Peer review under responsibility of The Ceramic Society of Japan and the Korean Ceramic Society.

Abstract

Porous silicon carbide ceramics were fabricated by liquid phase sintering with 1 wt% Al₂O₃–1 wt% Y₂O₃ additives during hot-pressing at 1400–1900 °C. The longitudinal strain at compressive fracture increased at a higher porosity and was larger than the lateral strain. The compressive Young's modulus and the strain at fracture depended on the measured direction, and increased with the decreased specific surface area due to the formation of grain boundary. However, the compressive strength and the fracture energy were not sensitive to the measured direction. The compressive strength of a porous SiC compact increased with increasing grain boundary area. According to the theoretical modeling of the strength–grain boundary area relation, it is interpreted that the grain boundary of a porous SiC compact is fractured by shear deformation rather than by compressive deformation.

Keywords:

• Compressive strength
• Porosity
• Liquid phase sintering
• Silicon carbide

1 Introduction

Porous ceramics have been widely used as a filter, a separation membrane, a catalyst support or an electrode of electrochemical cell because of its high thermal, mechanical and chemical stability.

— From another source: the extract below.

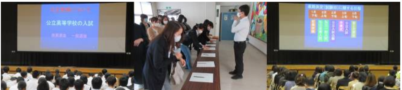
＜進路説明会・進学説明会の様子＞

10月23日(金)5,6時間目に3年生進路説明会と保護者向けの進学説明会を行いました。今までは親子で一緒に説明を聞いていたのですが、コロナウイルス感染予防の関係で、生徒と保護者の方は別々に行いました。11月あたりからは自分の進路を決定していく時期になります。進路決定に際しては、自分の将来の夢や希望だけではなく、金銭面や通学時間、成績等いろいろな要素があります。ですから、親子でしっかり話し合い、自分の適性に合った進路先で充実した生活を送ることができるようにしていきましょう。3年生の先生たちはいろいろな情報を持っていますので、気軽に相談してください。

In our previous papers, gas permeability of porous alumina and SiC ceramics [1,2] was measured for H₂, CO₂, N₂ and Ar gases to understand the influence of pore structure on the flux of gas transported. We have also developed useful porous electrochemical cells, which promote the formation of hydrogen by reforming of biogas (CH₄ + CO₂ → 2H₂ + 2CO) [3–5] or by water-gas shift reaction (CO + H₂O → H₂ + CO₂) [6], and the decomposition of CO and CO₂ gases to solid carbon and O₂ gas (CO → C + ½O₂) [7].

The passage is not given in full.